What needs to be done.
Beginning at the line that contains "(서울=포커스뉴스) 17일 오전" and finishing at the line that contains "20대 후반부터도 폐경기를 대비한 피부 관리 루틴을 갖춰두는 것이 좋습니다.", output the data below exactly. Include both end lines and no pictures.

(Records from a dataset)
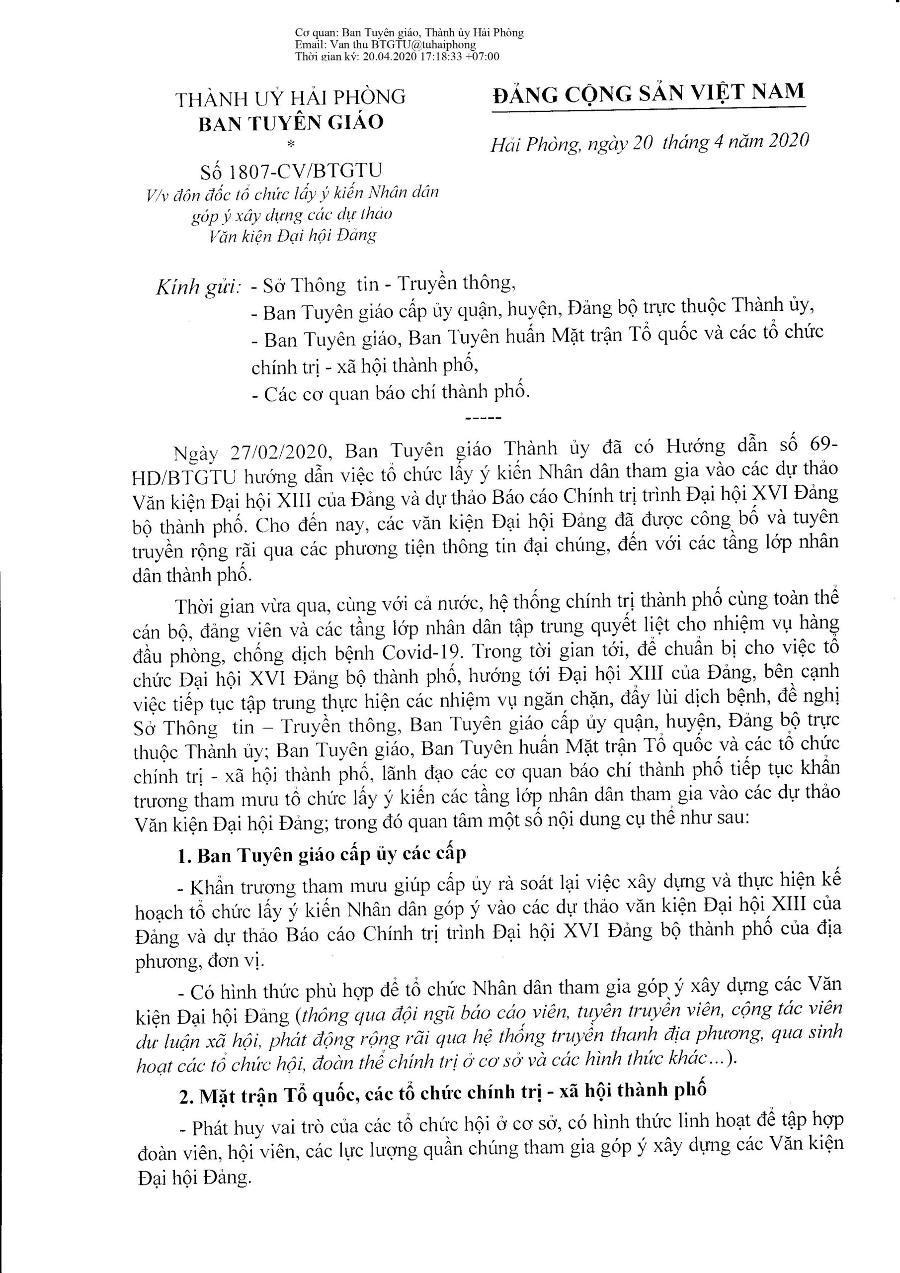 Ban Tuyên giáo Thành ủy Hải Phòng vừa có công văn số 1807-CV/BTGTU ngày 20/4/2020 về việc đôn đốc tổ chức lấy ý kiến Nhân dân góp ý xây dựng các dự thảo Văn kiện Đại hội Đảng, chuẩn bị cho việc tổ chức Đại hội XVI Đảng bộ thành phố, hướng tới Đại hội XIII của Đảng.
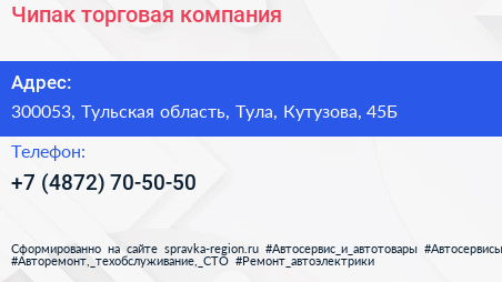 Чипак, торговая компания по адресу 300053, Тульская область, Тула, Кутузова, 45Б в дальнейшем Организация, размещена в следующих категориях:
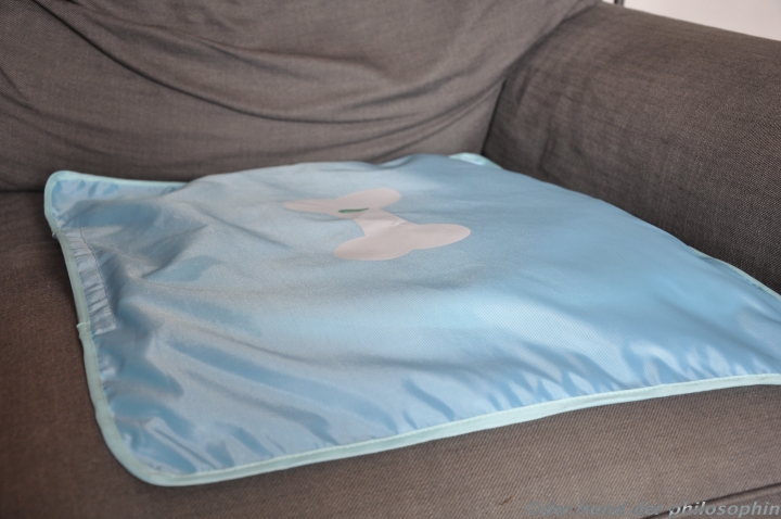 Jetzt kommt das kühle Innenkissen in die Polyesterhülle, die wird mit einem Klettverschluss zugemacht.
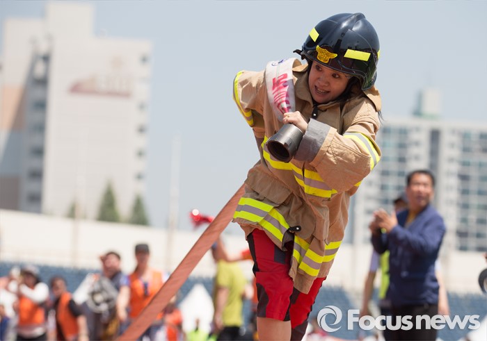 (서울=포커스뉴스) 17일 오전 서울 양천구 목동운동장에서 열린 2016 의용소방대 종합소방기술경연대회에서 참가자들이 소방호스 끌기 경기를 하고 있다.
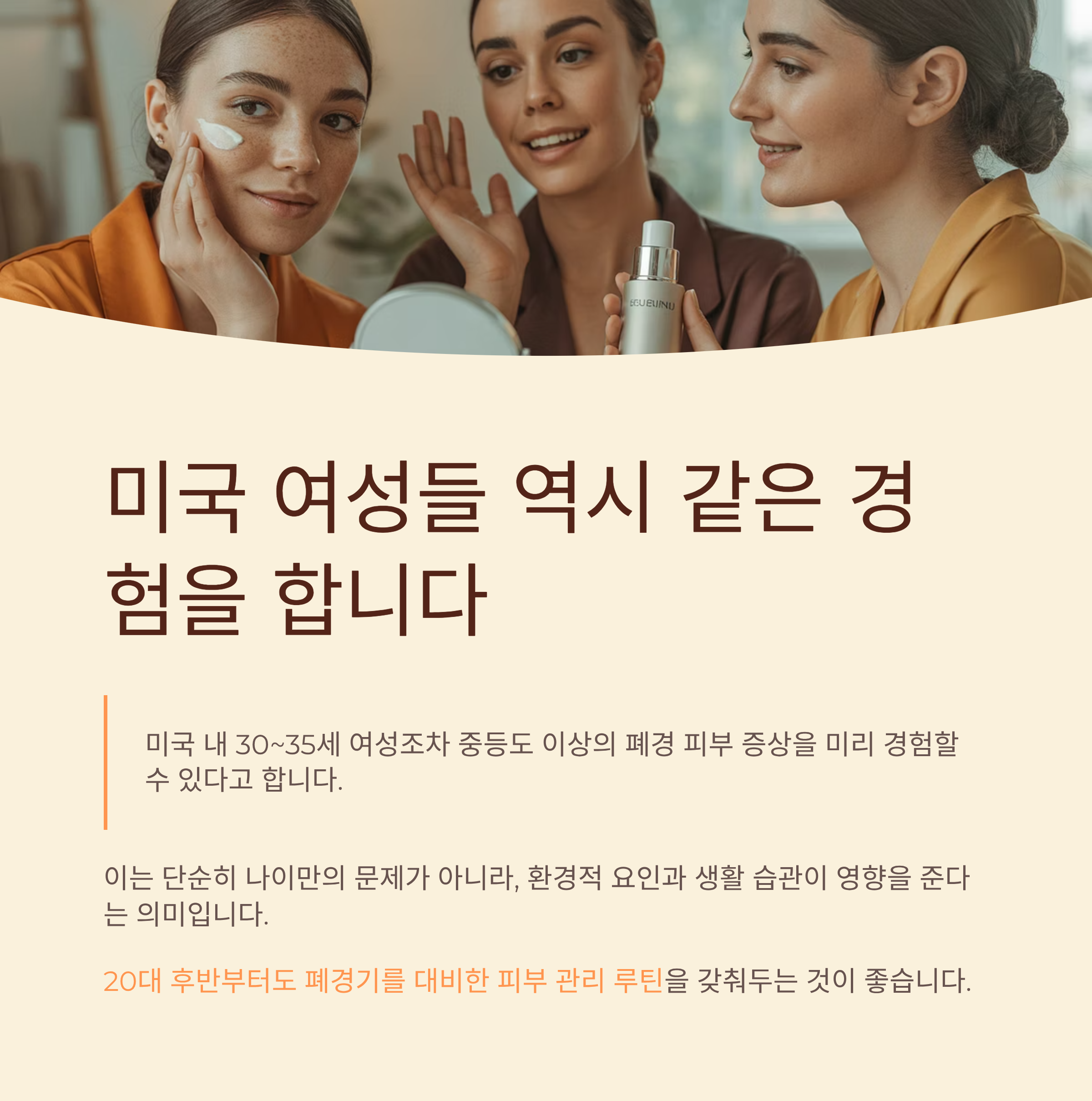 20대 후반부터도 폐경기를 대비한 피부 관리 루틴을 갖춰두는 것이 좋습니다.
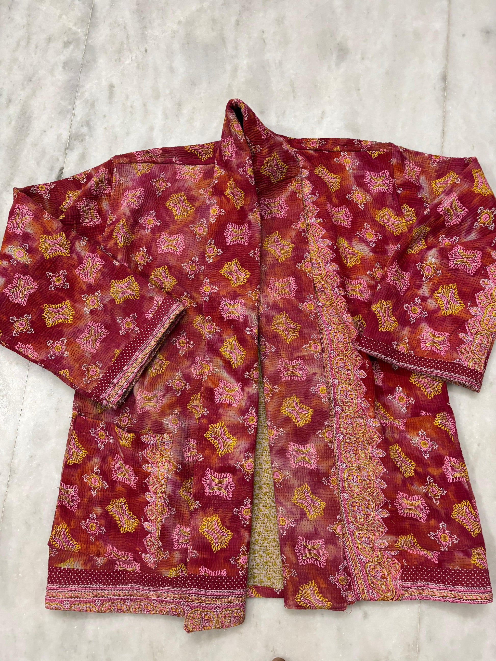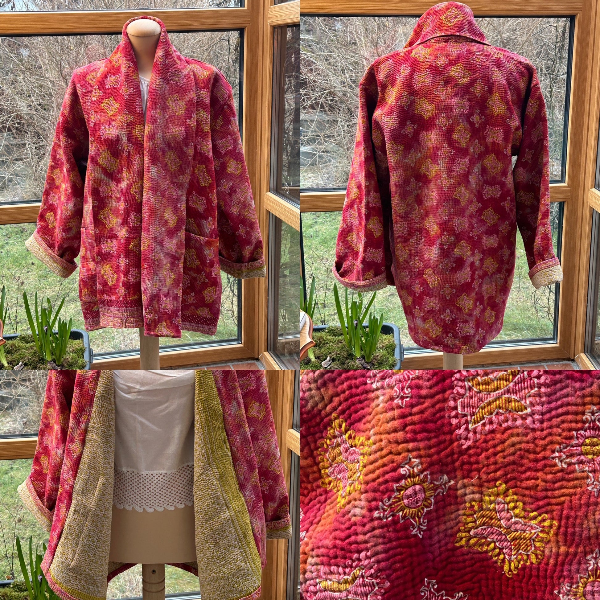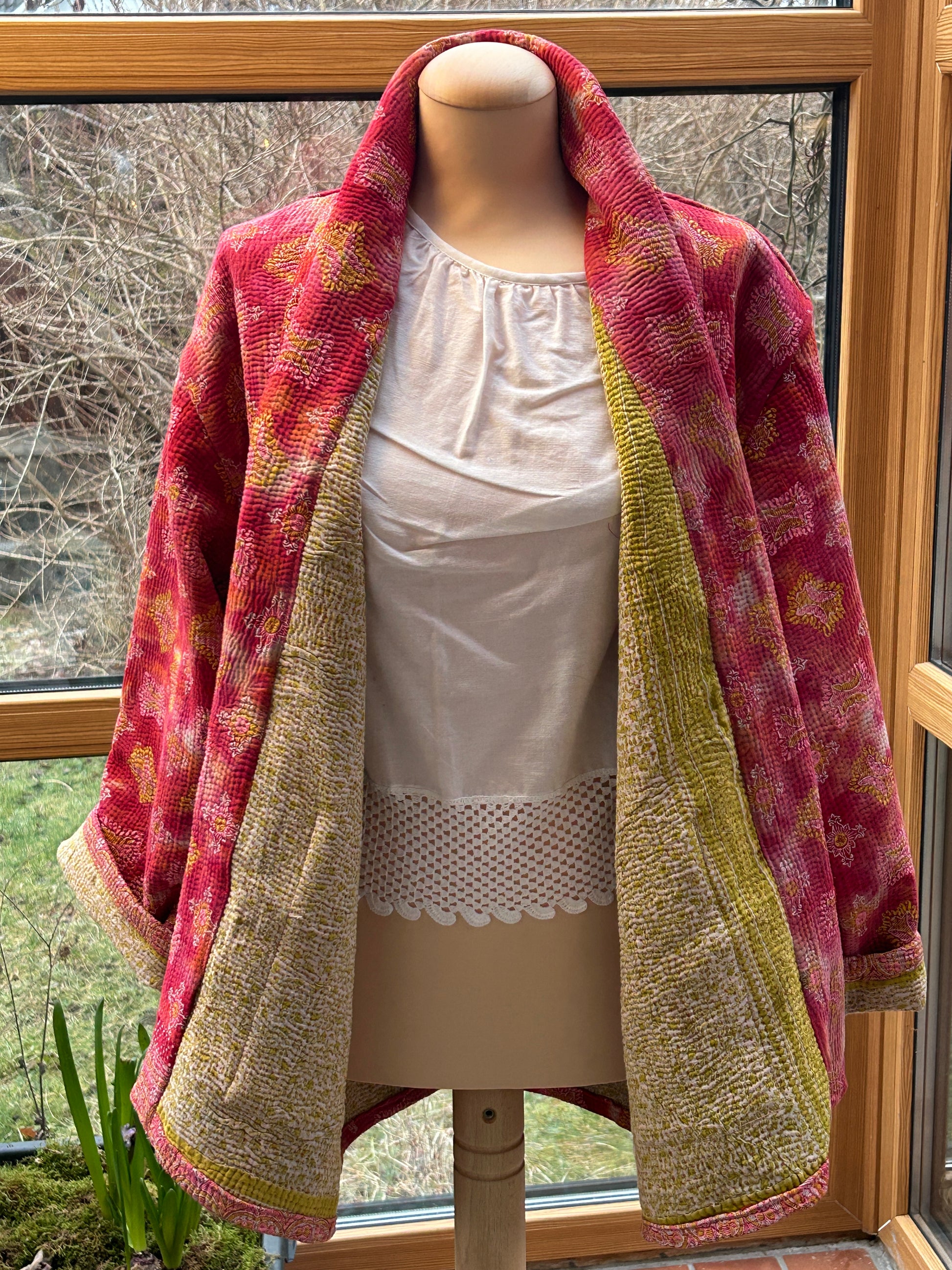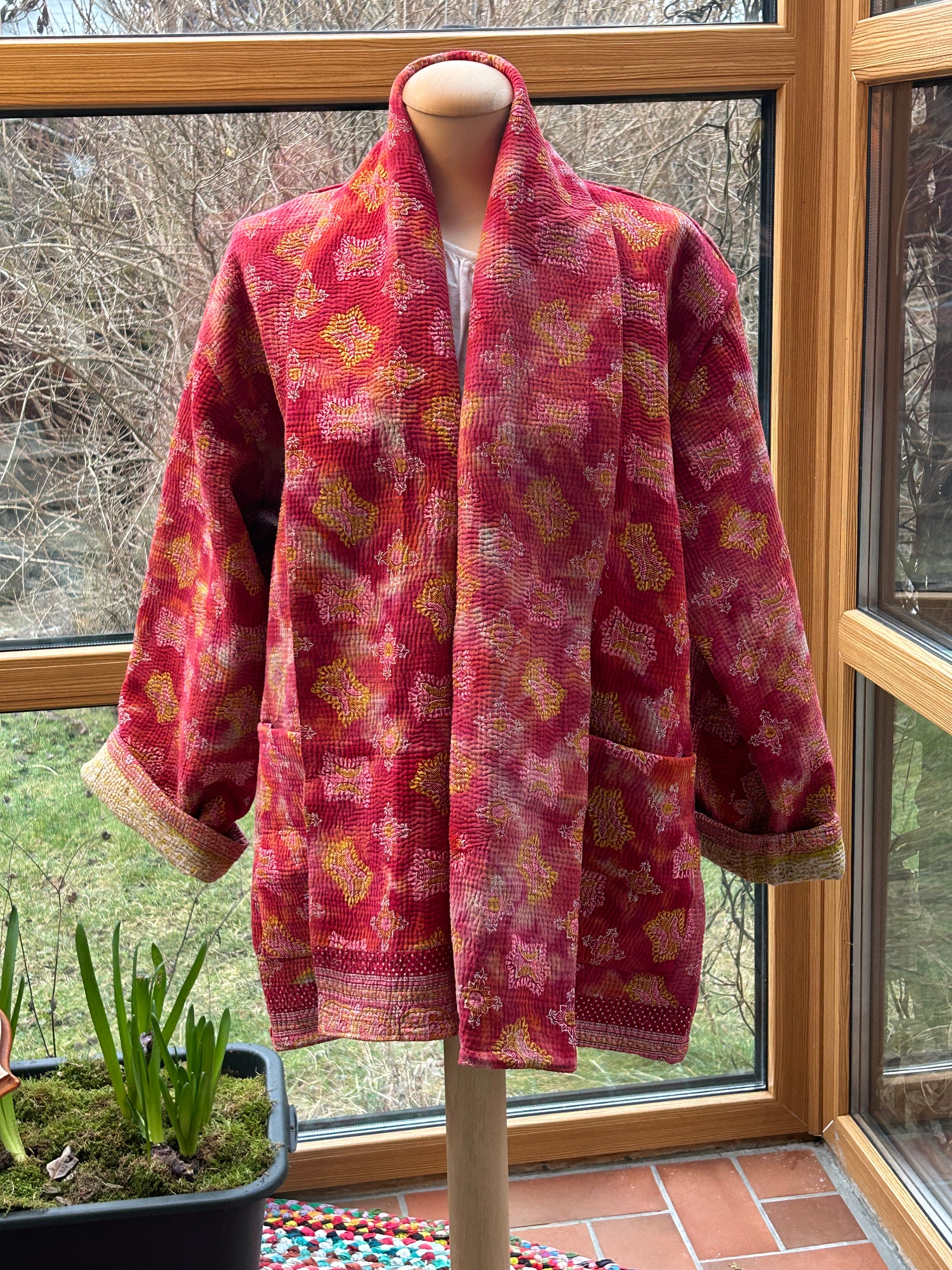 Felles for alle kanthaprodukter er at de blir sydd av resirkulerte materialer som legges oppå hverandre og sys sammen med "tråklesting", lag på lag.På den måten gis slitte stoffer nytt liv. Ikke sjelden synes små lapper og forsterkinger av stoffet. Dette gir plaggene sin sjarm. Tykkelsen på stoffet kan variere avhengig av hvor mange lag det består av. Dette er en romslig blazermodell. Påsydde lommer.Sjalskrage.
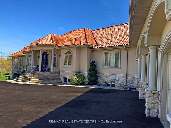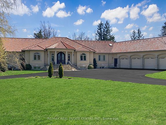 Discover your personal paradise nestled in the enchanting beauty of Terra Cotta-a remarkable 11-acre estate featuring a nearly 2-acre spring-fed private lake brimming with wildlife. This Spanish-style raised-ranch is perfectly complemented by a striking terra cotta tile roof. Step inside to an expansive open-concept foyer with a 14-foot ceiling, leading into a family room highlighted by a floor-to-ceiling stone fireplace. The home boasts 18 rooms on the main level, showcasing vaulted and recessed ceilings. The layout includes 4+1 bedrooms, with 4 of them having en-suite bathrooms, totaling 5 bathrooms. The main level features elegant travertine tile flooring, while the living room, dining room, bedrooms, and office are adorned with walnut hardwood. Multiple walkouts lead to a large deck overlooking the vast lawn that gently slopes to the private lake. The bright +1 bedroom with an en-suite and private walkout offers a tranquil retreat for guests, family, or as a nanny suite. Enjoy the comfort of a high-end, dual-redundant in-floor radiant heating system that warms the entire home and the 4-car garage, providing consistent warmth even on the coldest days while promoting an eco-friendly lifestyle. Relax with family and friends by the freshwater pool, which is fully equipped for conversion to saltwater. Welcome to your dream home, where luxury meets tranquility, all just 10 minutes from downtown Georgetown, 8 minutes from Northwest Brampton and 30 minutes from Pearson Airport.
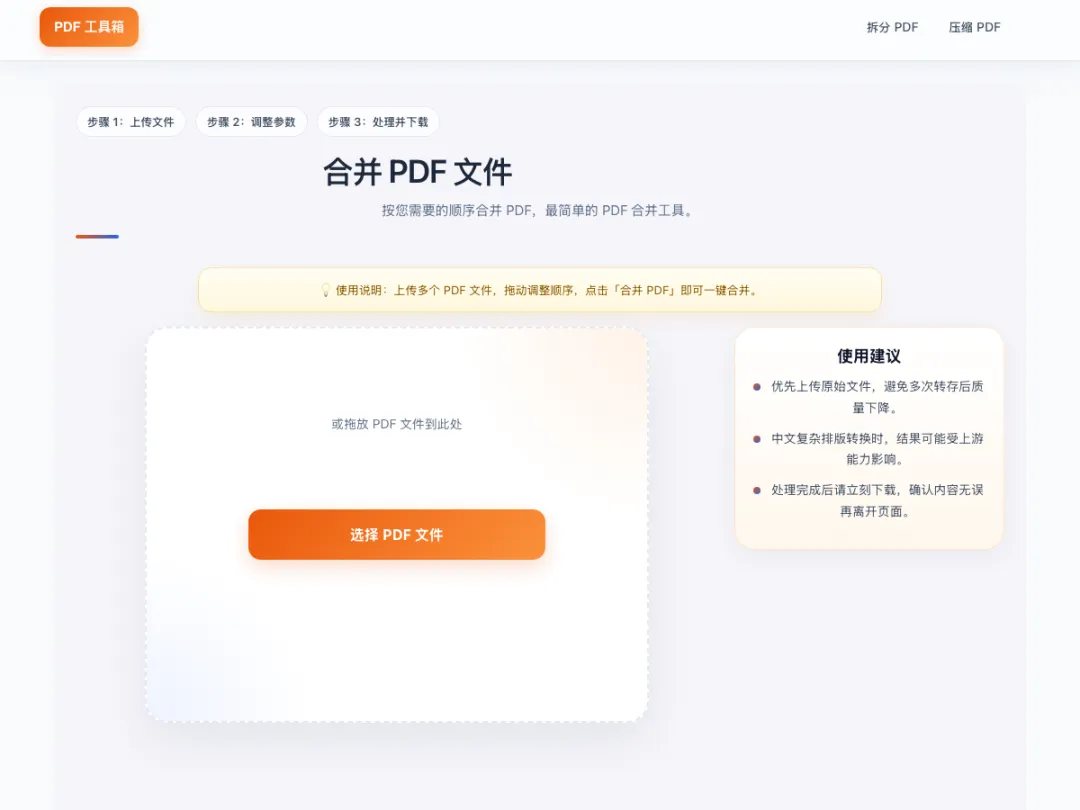 合并PDF — 多个文件合为一个,拖拽排序,秒级完成拆分PDF — 按页码范围拆分,想拆哪页拆哪页压缩PDF — 体积大幅缩小,质量几乎无损提取页面 — 从PDF中精准提取指定页面

Written response.
 (서울=포커스뉴스) 17일 오전 서울 양천구 목동운동장에서 열린 2016 의용소방대 종합소방기술경연대회에서 참가자들이 소방호스 끌기 경기를 하고 있다.
 20대 후반부터도 폐경기를 대비한 피부 관리 루틴을 갖춰두는 것이 좋습니다.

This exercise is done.